*** Begin section ***
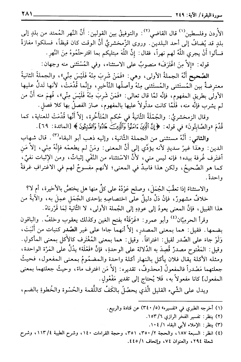 والثاني: أَنَّهُ مستثنى من الجملة الثَّانية، وإليه ذهب أبو البقاء. قال شهاب الدين: وهذا غيرُ سديدٍ لأنه يؤدِّي إلى أَنَّ المعنى: ومَنْ لم يطعمْه فإِنَّهُ مِنِّي، إلاَّ مَنِ اغْتَرَفَ غُرفة بيده؛ فإنه ليس مني، لأَنَّ الاسْتثناء من النَّفْي إثباتٌ، ومن الإِثبات نفيٌ، كما هو الصَّحيحُ، ولكن هذا فاسدٌ في المعنى؛ لأنهم مفسوحٌ لهم في الاغترافِ غرفةً واحدةً.
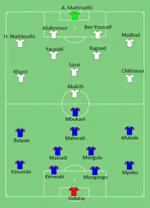 Tunisia took the lead in the 31st minute, as Yassine Chikhaoui's shot was deflected and Ahmed Akaïchi headed the ball in. DR Congo equalized in the 66th minute, after Dieumerci Mbokani headed down a long ball for Jeremy Bokila to score. The result was enough for Tunisia to win the group, while DR Congo also qualified as runners-up, ahead of Cape Verde on goals scored.[17][18]
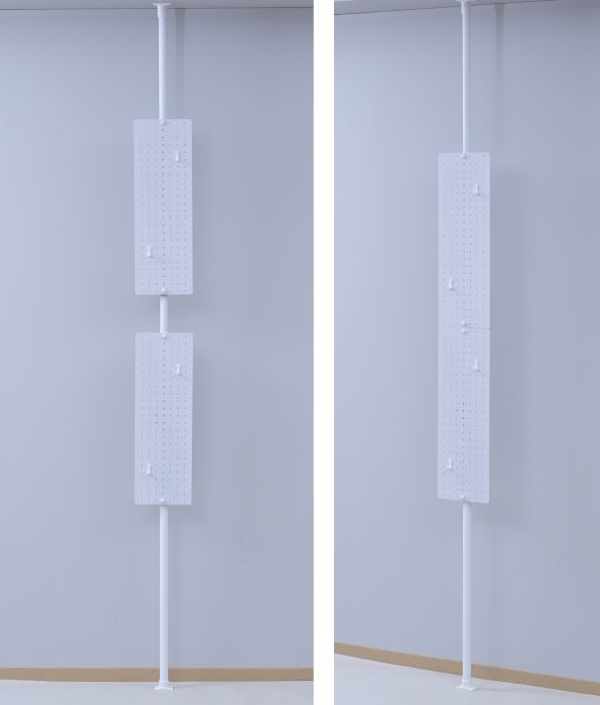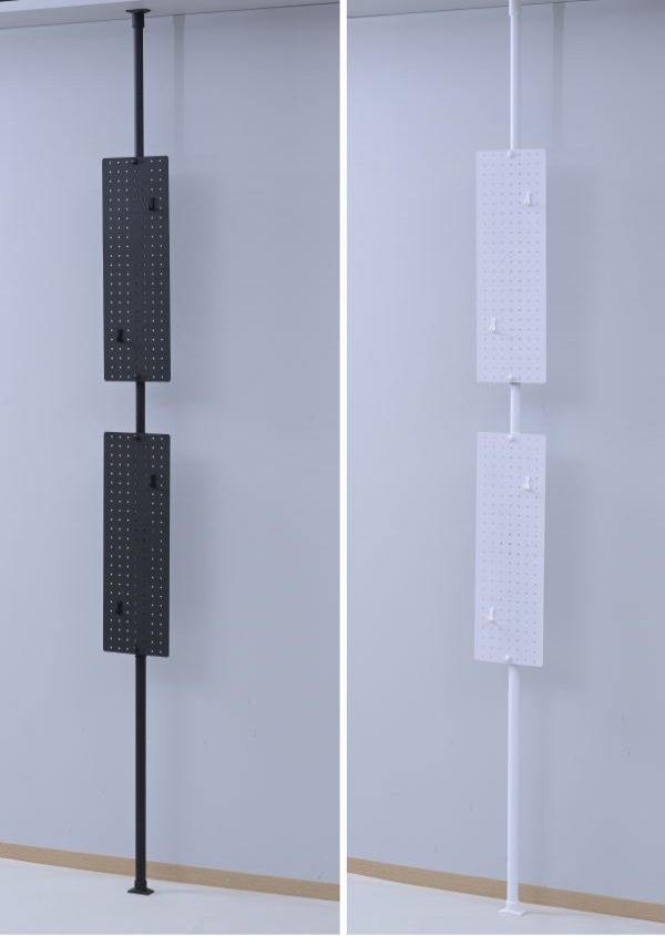 | 仕様 | ※畳などの柔らかい床面や強度の弱い天井へは設置ができません。 ※勾配天井は対応できません。 ●金属製の有孔ボード2枚が付いた、浮かせる収納棚 ●狭い玄関やリビングの隅など、奥行/隙間約7cmで省スペースに設置可能 ●高さ200-280cmに設置できる突っ張り固定式 ●工事用、工具も不要で組み立て可能 ●ネジ回しなど不要、グイッと力を入れて操作がシンプルな突っ張り装置 ●専用のフック4個付属 ●有孔ボード:穴径5mm、ピッチ25mm ●ボード外寸: 横20 縦60cm、2枚 ●フック耐荷重:パネル1枚あたり6kg、フック1個あたり0.5kg ●支柱が3分割式、部品を一部使わずに組み替えることで、高さ140-188cmの低い場所へも設置可能 ●天井、床の接地部は滑り止め付き(跡の付きにくいエラストマー素材使用) ●設置奥行: 7cm (床接地面サイズは4×6.5cmですが、本体中央伸縮パーツ部は奥行5.5cmあり、作業余白も含めて設置奥行7cm必要です。) |
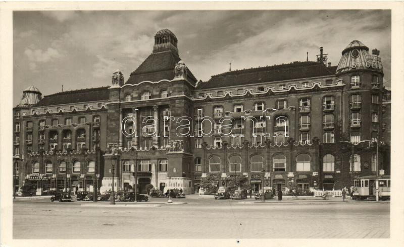 Budapest XI. Gellért szálloda, Gundel Gellért söröző, Tóth József cipész üzlete, Magyar Kereskedelmi Rt. IBUSZ Tourist Office, villamos, automobil
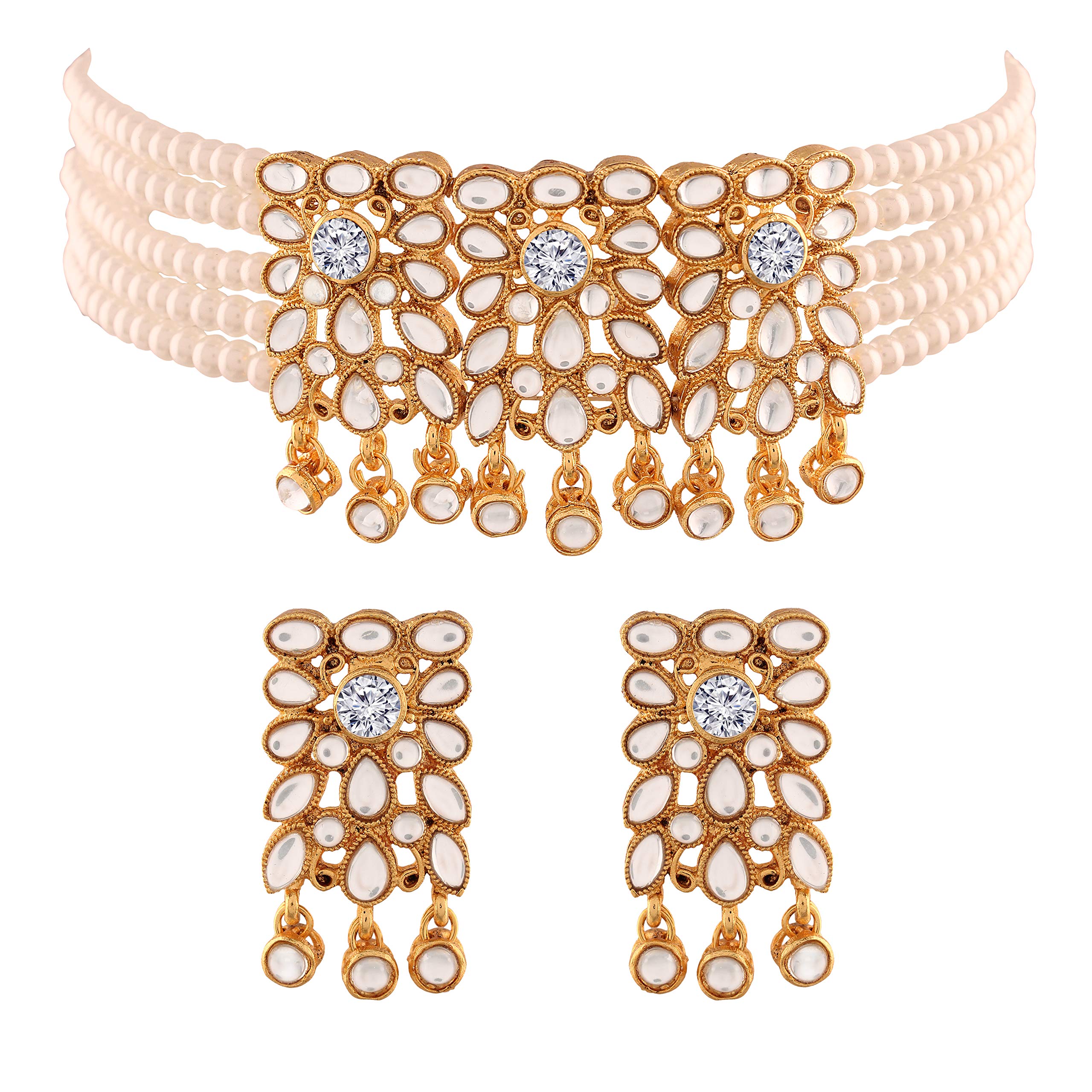 I Jewels 18K Gold Plated Traditional Kundan Studded Pearl Choker Necklace Jewellery Set for Women (ML236)
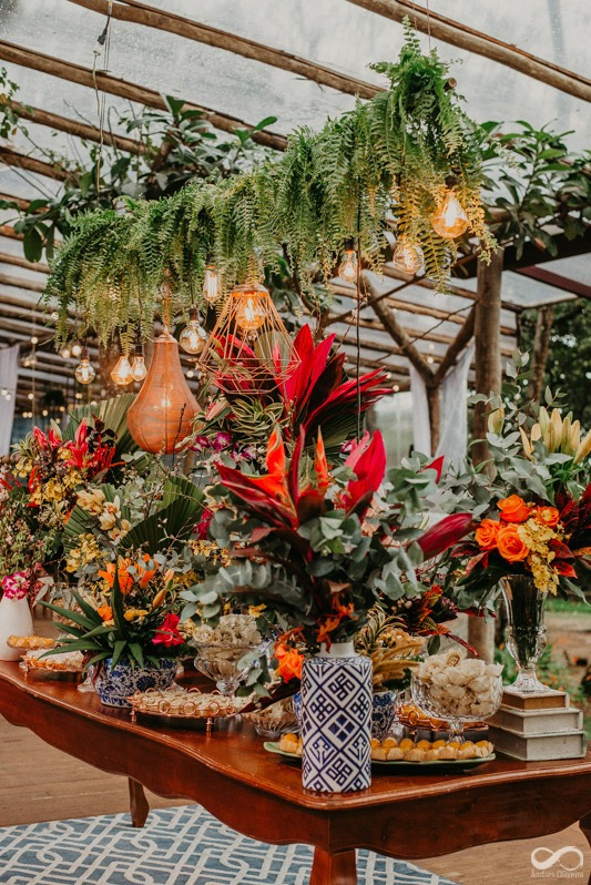 Esse estilo de decoração de casamento combina demais com a praia. Uso de muitas folhagens, como costela de adão, folhas de coqueiros e outras flores tropicais - lírios e antúrios.
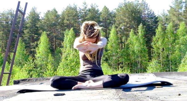 - Сидя со скрещенными ногами, сцепите руки в замок и потяните его вперед, округляя спину.
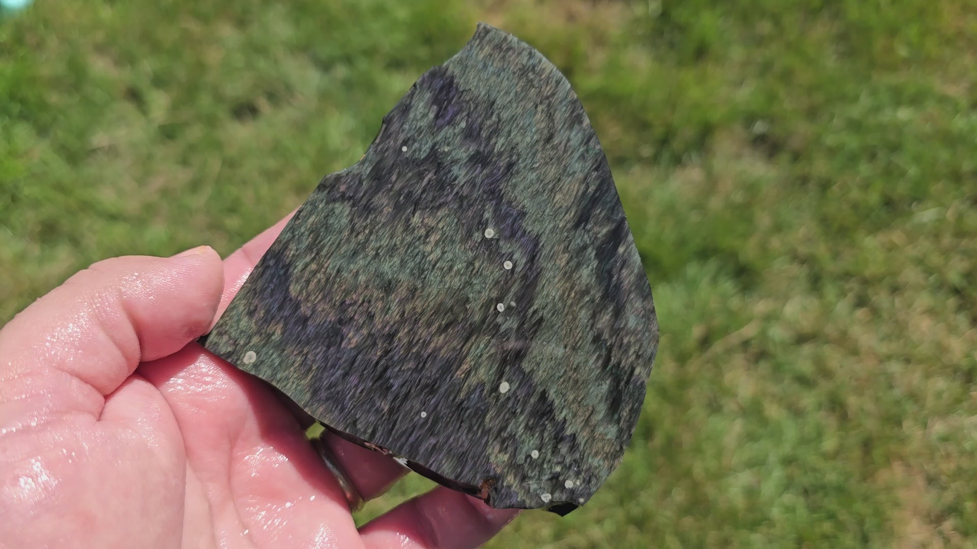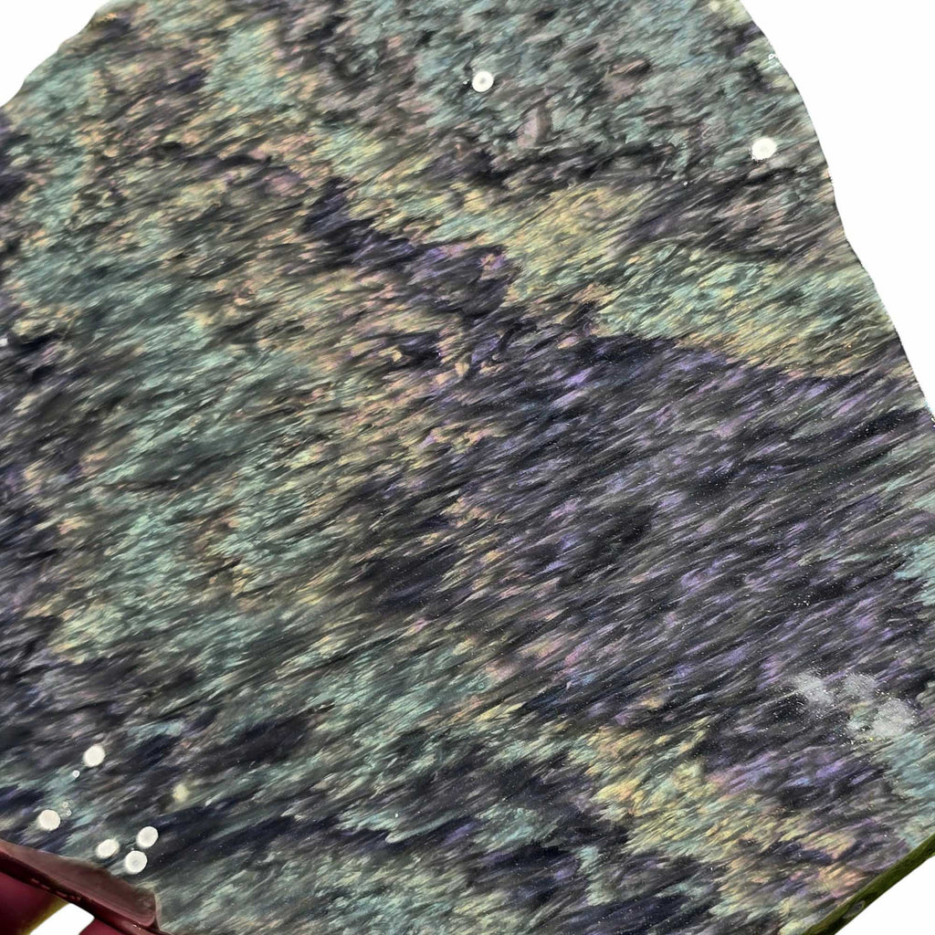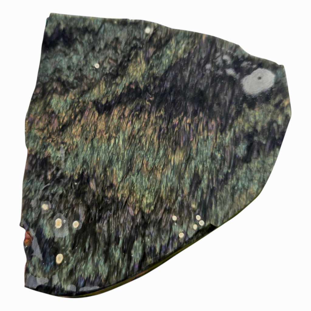 This slab is on the thicker side and loaded with magnetite and vibrant flash. It has excellent coloration and movement under light, and should cut into some striking cabochons or make a bold display piece in any collection.
*** End section ***
* What is required
Go to the line with "仕様 | ※畳などの柔らかい床面や強度の弱い天井へは設置ができません。" in the entries above. Reproduce that line and each one after it to the end, exactly and without the pictures.

* Response
 | 仕様 | ※畳などの柔らかい床面や強度の弱い天井へは設置ができません。 ※勾配天井は対応できません。 ●金属製の有孔ボード2枚が付いた、浮かせる収納棚 ●狭い玄関やリビングの隅など、奥行/隙間約7cmで省スペースに設置可能 ●高さ200-280cmに設置できる突っ張り固定式 ●工事用、工具も不要で組み立て可能 ●ネジ回しなど不要、グイッと力を入れて操作がシンプルな突っ張り装置 ●専用のフック4個付属 ●有孔ボード:穴径5mm、ピッチ25mm ●ボード外寸: 横20 縦60cm、2枚 ●フック耐荷重:パネル1枚あたり6kg、フック1個あたり0.5kg ●支柱が3分割式、部品を一部使わずに組み替えることで、高さ140-188cmの低い場所へも設置可能 ●天井、床の接地部は滑り止め付き(跡の付きにくいエラストマー素材使用) ●設置奥行: 7cm (床接地面サイズは4×6.5cmですが、本体中央伸縮パーツ部は奥行5.5cmあり、作業余白も含めて設置奥行7cm必要です。) |
 Budapest XI. Gellért szálloda, Gundel Gellért söröző, Tóth József cipész üzlete, Magyar Kereskedelmi Rt. IBUSZ Tourist Office, villamos, automobil
 I Jewels 18K Gold Plated Traditional Kundan Studded Pearl Choker Necklace Jewellery Set for Women (ML236)
 Esse estilo de decoração de casamento combina demais com a praia. Uso de muitas folhagens, como costela de adão, folhas de coqueiros e outras flores tropicais - lírios e antúrios.
 - Сидя со скрещенными ногами, сцепите руки в замок и потяните его вперед, округляя спину.
 This slab is on the thicker side and loaded with magnetite and vibrant flash. It has excellent coloration and movement under light, and should cut into some striking cabochons or make a bold display piece in any collection.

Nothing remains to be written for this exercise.